There was an issue after upgrading that renamed all of my networking devices. One of which was stuck as "rename3" that I haven't been able to fix yet, showing up as an unknown device. That interface is unplugged and unconfigured.

I've turned all the Datacenter/PVE/VM firewalls off.

My /interfaces:
auto lo
iface lo inet loopback

iface ens1 inet manual

iface rename3 inet manual

iface ens5 inet manual

iface ens6 inet manual

iface enp1s0 inet manual

auto vmbr1
iface vmbr1 inet manual
bridge-ports ens1
bridge-stp off
bridge-fd 0
#pfsenseOPT

auto vmbr2
iface vmbr2 inet manual
bridge-ports ens5
bridge-stp off
bridge-fd 0
#pfsenseWAN

auto vmbr3
iface vmbr3 inet static
address 192.168.1.3/24
gateway 192.168.1.1
bridge-ports ens6
bridge-stp off
bridge-fd 0

Dunuin · Jun 27, 2021

Are you sure it is a network and not a storage problem? Maybe your drives caches or RAM is running out of space, it can't cache anymore and the storage is bottlenecking?

booleanxor · Jun 27, 2021

Dunuin said:
Are you sure it is a network and not a storage problem? Maybe your drives caches or RAM is running out of space, it can't cache anymore and the storage is bottlenecking?

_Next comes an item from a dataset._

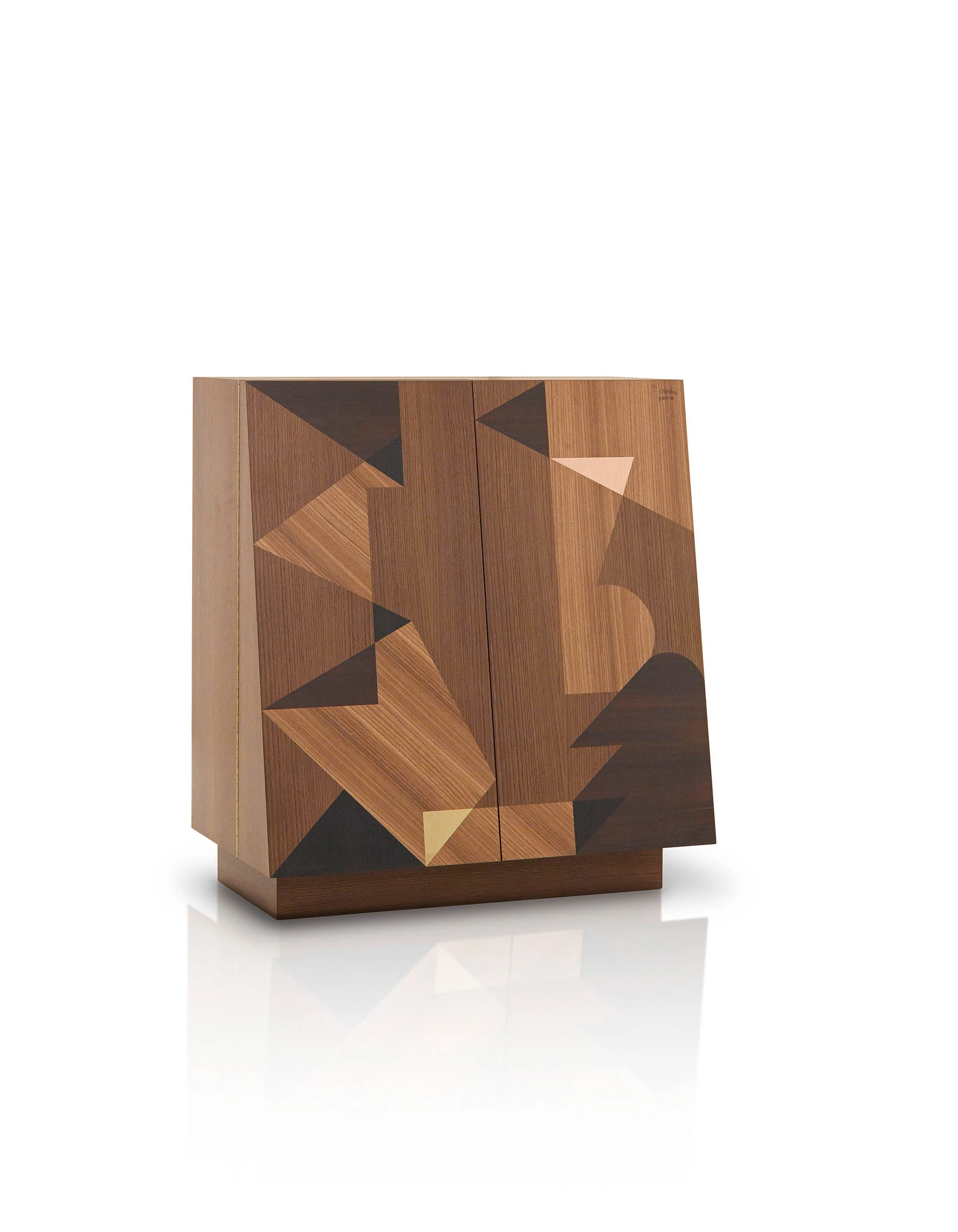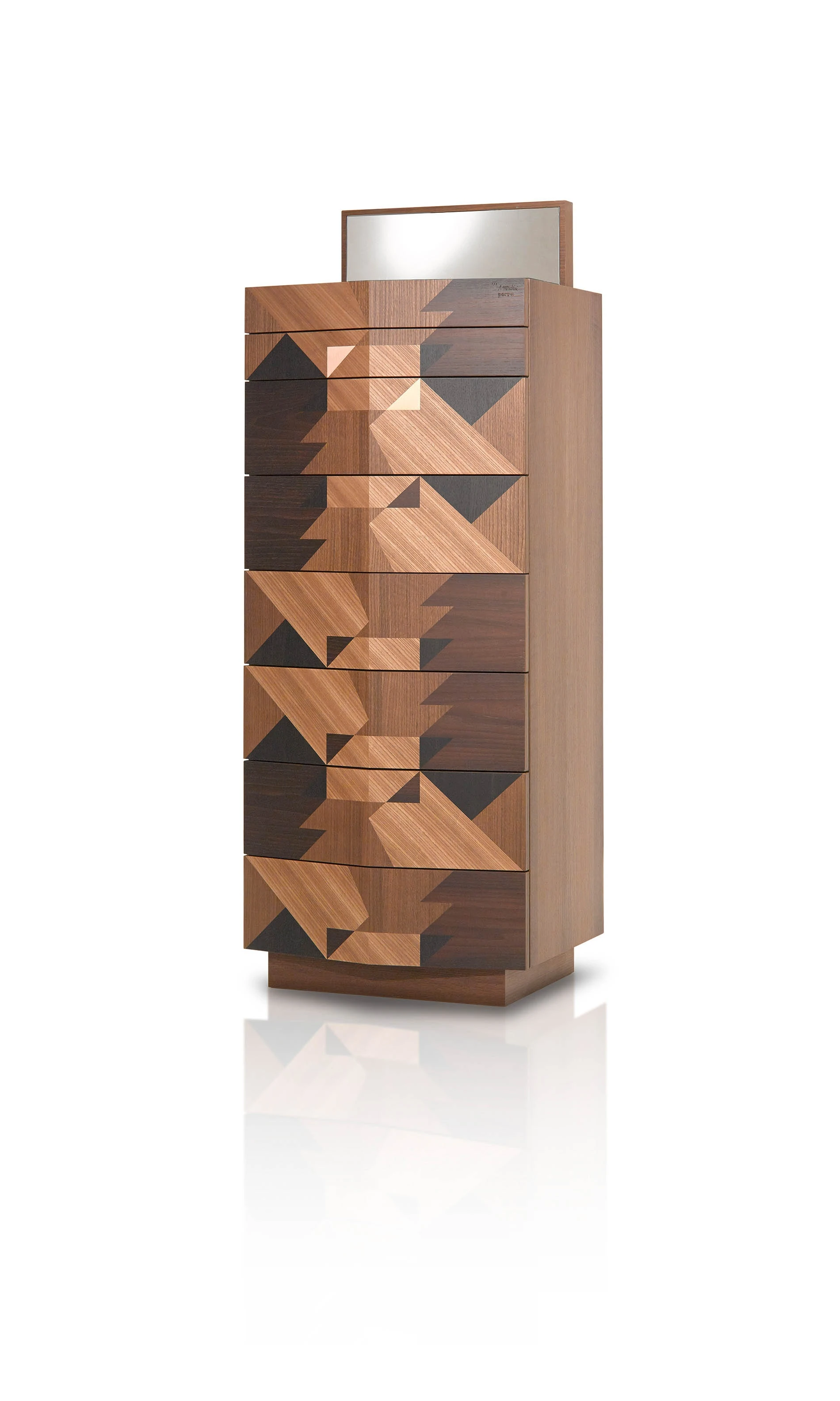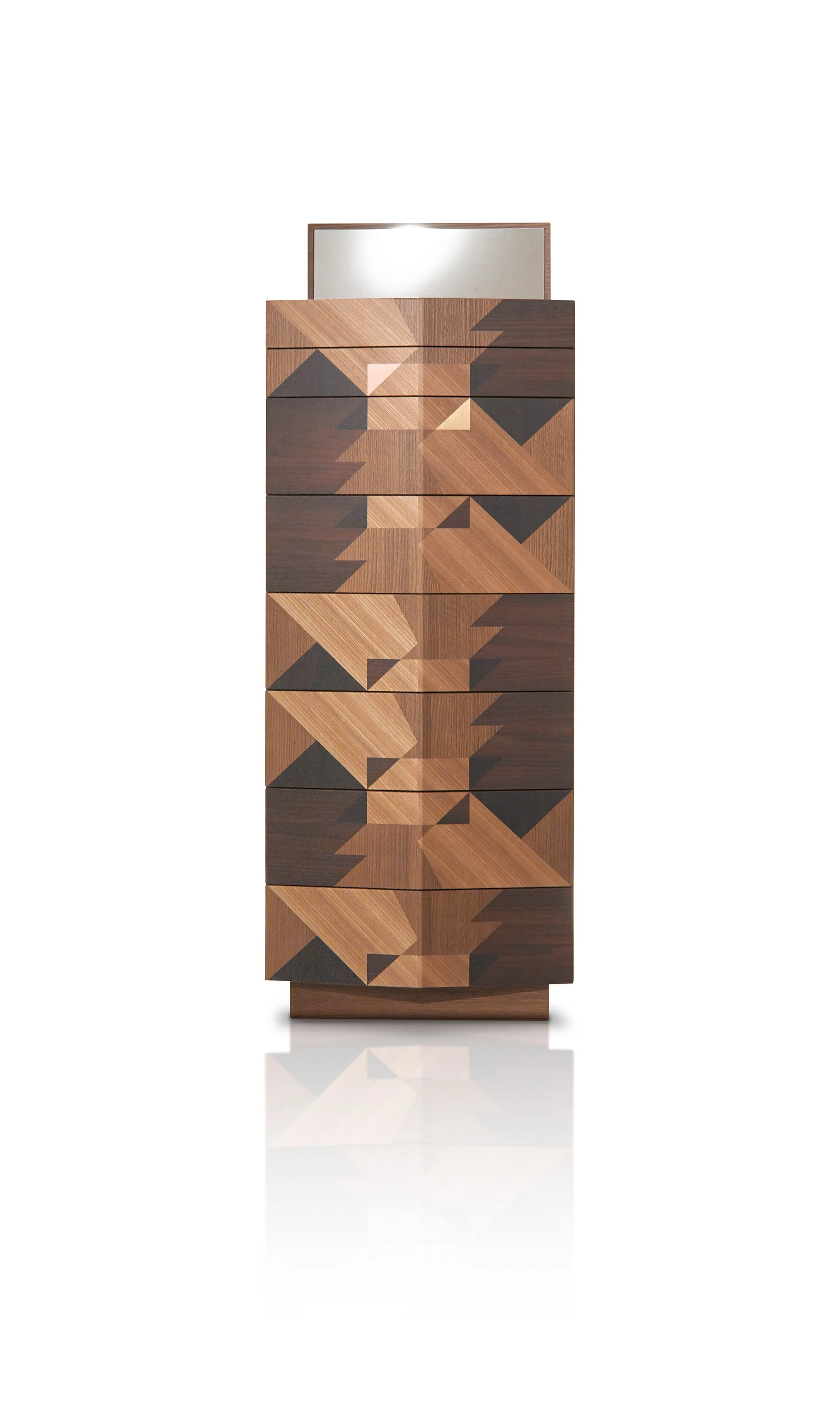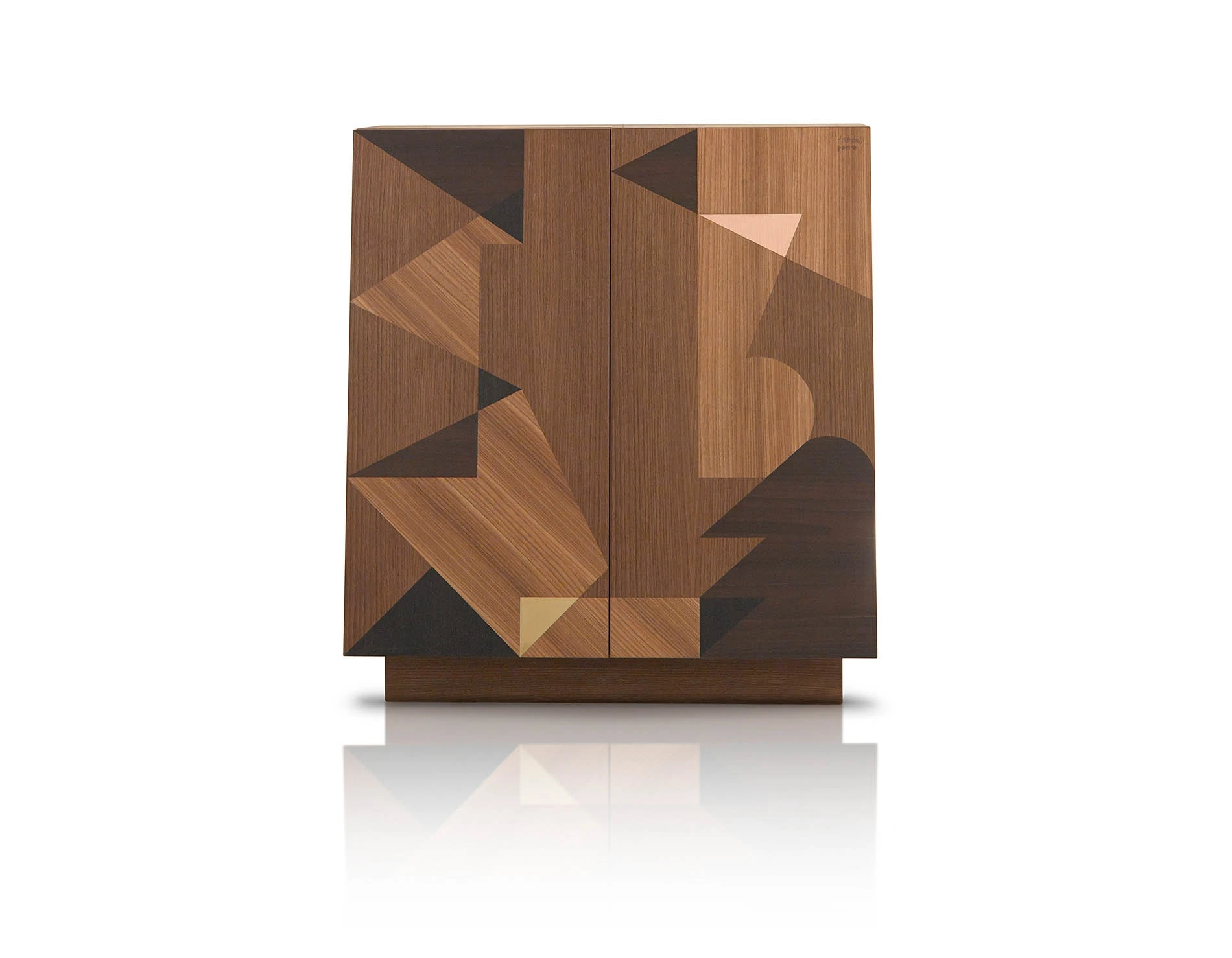 All of the vitality and exuberance of their designer bursts forth, using many of the new wooden essences in Porro’s palette for a combination of coordinating colors: these are the two new inlaid Maggio and Schermo sideboards, designed by Alessandro Mendini. For once, Porro forgets its usual minimalism and throws itself into the decoration exploration of wood; guided by the master, the par excellence interpreter of a playful approach, chromatic and irreverent in design. Two universes, seemingly poles apart meet, thanks to the shared passion for wood, in a volcanic mix that touches upon the two opposites of rationality and expressiveness. Narrow and elongated, Maggio is an amusing chest of drawers crowned with a mirror, with a diamond-shaped section, 2 pullout trays and 6 large drawers. On the other hand, Schermo is a square cupboard on a base with a sloping hinged door. Both are created with an inlaid design on the front, achieved by combining three different types of wood – elm, oak and acacia – according to abstract geometric compositions that meld the points of the triangle with the curved contours of the circle in unexpected directions. With a maple interior, pliable brass, bronze and inox steel elements, and unexpected three-dimensionality in their profiles, Maggio and Schermo create a small series of exquisite and collectible furniture, between art and design.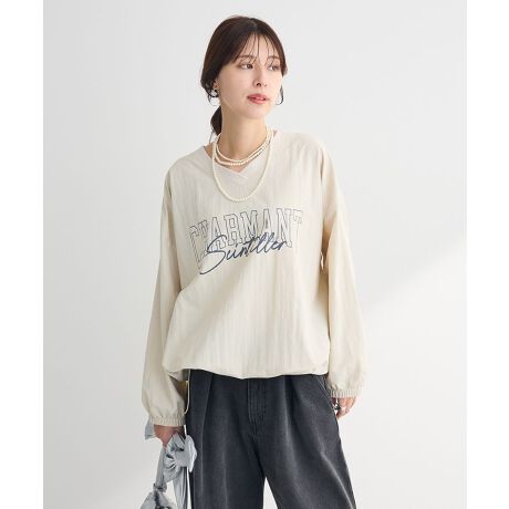 スポーティーカジュアルなナイロン素材で仕立てたプルオーバー。Vネックに肩のラインを落としたゆったりシルエットがこなれ感ある一枚です。裾にはドロストゴムでバルーンフォルムにアレンジが可能。フロントのロゴプリントがライトな印象を加え、スタイリッシュに着こなしていただけます。デニム合わせはもちろん、スカートとも好相性なおすすめアイテム。透け感[ややあり]

I have 3 drives and I've separated things out pretty well. The server isn't particularly busy, it's just a home server. Not a lot of disk activity really. I am offloading pfsense firewall syslog to splunk, but the IO doesn't seem off the charts or anything while downloading. Downloads are typically done on other clients on the network, not the VM's.

Just for some clarification, I have to reboot PVE before things get better. Stopping the download, rebooting pfsense doesn't do anything to help.

Also if it was the ISP throttling the reboot wouldn't do anything. I am not getting a new IP from my ISP after reboot.

Tassir · Jul 1, 2021

I have noticed the same issue a few times now during the last week or so, after I installed the latest Proxmox updates.

The first time it happened, I noticed that my backup was running a lot slower, it took more than 24 hours instead of the usual couple of hours. I did some iperf testing and I narrowed it down to the Proxmox node, I thought it was a one off so I just restarted the node which fixed the issue temporarily.

The network did slow down again since then so I looked further into this:

These are the only logs I could find somewhat related

pve systemd-udevd: link_config: autonegotiation is unset or enabled, the speed and duplex are not writable
pve systemd-udevd: Could not generate persistent MAC address for fwbr100i0: No such file or directory
...
pve kernel: igb 0000:08:00.0 eno1: igb: eno1 NIC Link is Up 100 Mbps Full Duplex, Flow Control: RX
pve kernel: igb 0000:08:00.0 eno1: Link Speed was downgraded by SmartSpeed

Running ethtool eno1 did indeed confirm that the NIC was running at 100Mb/s speed.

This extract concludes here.